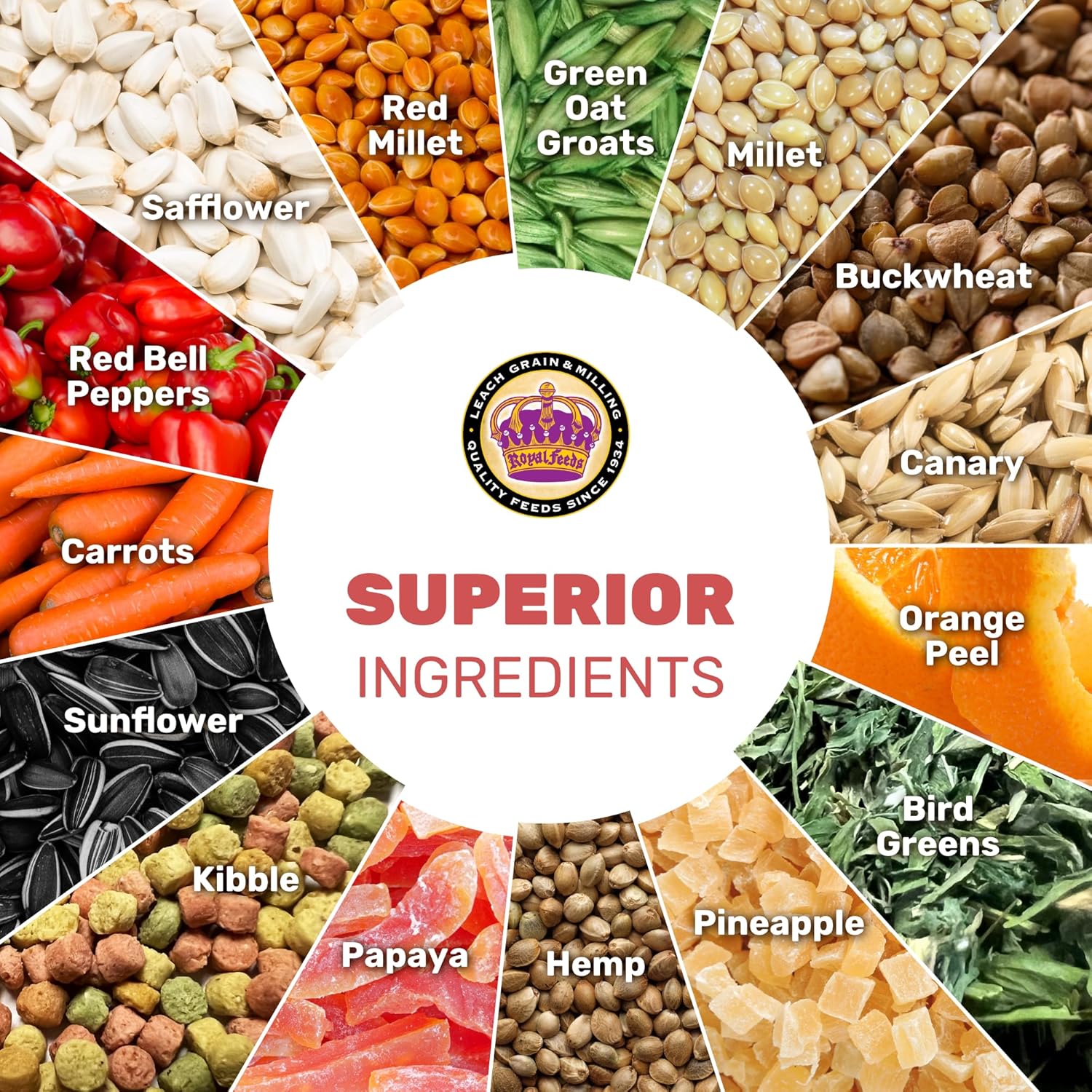 - ππππ ππππ ππππ πππππππππππ β Made with a wholesome mix of top-quality grains, seeds, dried fruits, and vegetables, including canary seeds, millet, sunflower, safflower, papaya, pineapple, red bell peppers, and more. These ingredients closely resemble what birds would eat in the wild, providing them with the variety and nutrition they crave while promoting better digestion, beak strength, and immunity.
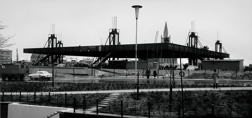 Neue Nationalgalerie, Anhebung des Daches, 5. April 1967
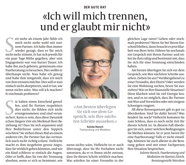 Salome Roesch, Paarberatung im Kanton Zürich,
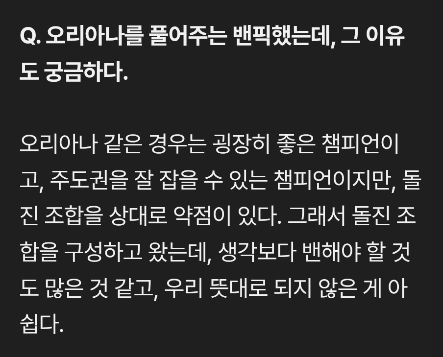 이번 년도에 팀적으로 카이사 낀 돌진 조합 성립된 게 없는데 평소 잘 하던 뽀삐+자야 라도 하지 밴픽 진짜 이상했음 | 25.10.19 19:00 | | |
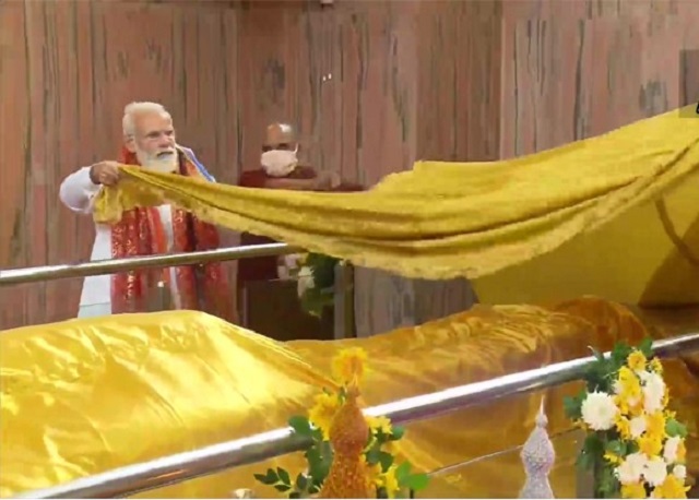 इसके साथ ही पीएम मोदी देश के ऐसे पहले प्रधानमंत्री बने है जिन्होंने महापरिनिर्वाण स्थल में बुद्ध प्रतिमा पर चीवर चढ़ाया। इससे पहले मोदी भगवान बुद्ध के महापरिनिर्वाण स्तूप पहुंचे। यहां शयनमुद्रा में पश्चिम दिशा की तरफ सिर कर लेटे भगवान बुद्ध की प्रतिमा का पूजा की। 6 मीटर लंबा चीवर दान किया। चीवर बौद्ध भिक्षु धारण करते हैं। यहां भगवान बुद्ध ने अपना अंतिम समय यहीं बिताया था। यहीं अपने भौतिक शरीर का त्याग किया था। PM ने मंदिर परिसर में पीपल का पौध लगाया है।
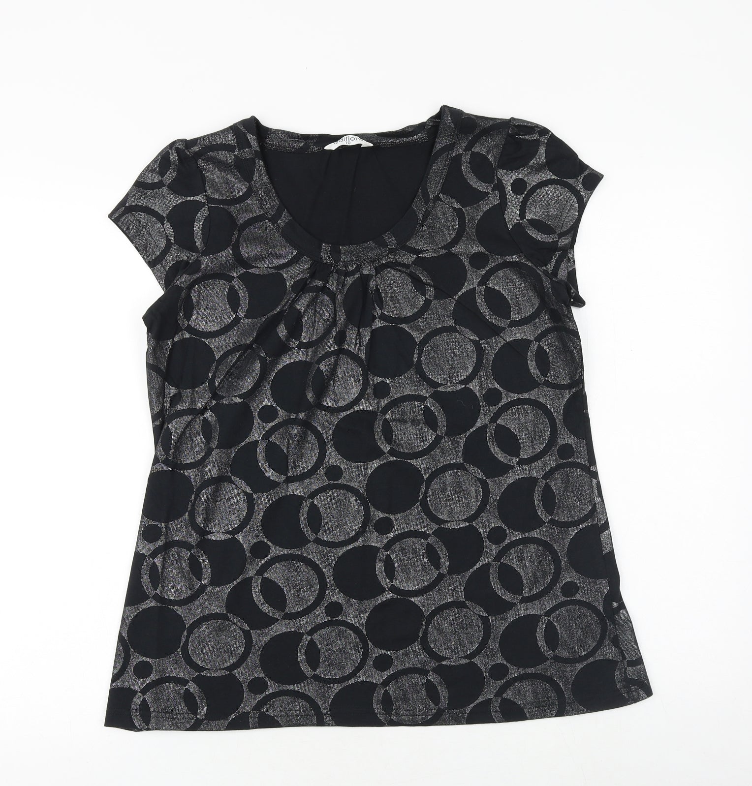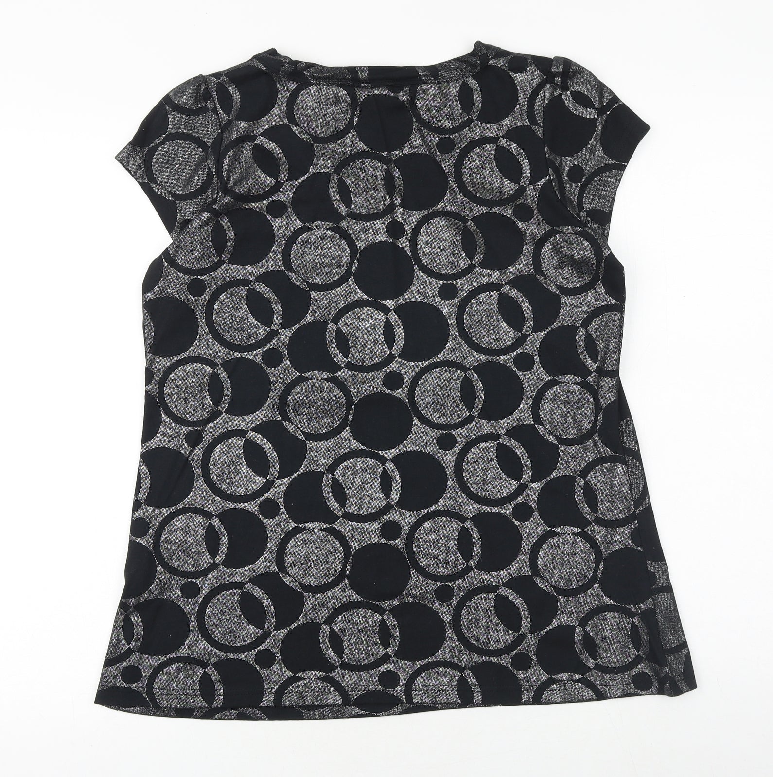 Editions Womens Black Geometric 100% Cotton Basic T-Shirt Size 10 Scoop Neck
◆ ◆ ◆ ◆ ◆
▶ [What you have to do] Once the line holding "इसके साथ ही" is found, copy it and each later line exactly through the end of the data, leaving out the pictures.

▶ [Final answer]
 इसके साथ ही पीएम मोदी देश के ऐसे पहले प्रधानमंत्री बने है जिन्होंने महापरिनिर्वाण स्थल में बुद्ध प्रतिमा पर चीवर चढ़ाया। इससे पहले मोदी भगवान बुद्ध के महापरिनिर्वाण स्तूप पहुंचे। यहां शयनमुद्रा में पश्चिम दिशा की तरफ सिर कर लेटे भगवान बुद्ध की प्रतिमा का पूजा की। 6 मीटर लंबा चीवर दान किया। चीवर बौद्ध भिक्षु धारण करते हैं। यहां भगवान बुद्ध ने अपना अंतिम समय यहीं बिताया था। यहीं अपने भौतिक शरीर का त्याग किया था। PM ने मंदिर परिसर में पीपल का पौध लगाया है।
 Editions Womens Black Geometric 100% Cotton Basic T-Shirt Size 10 Scoop Neck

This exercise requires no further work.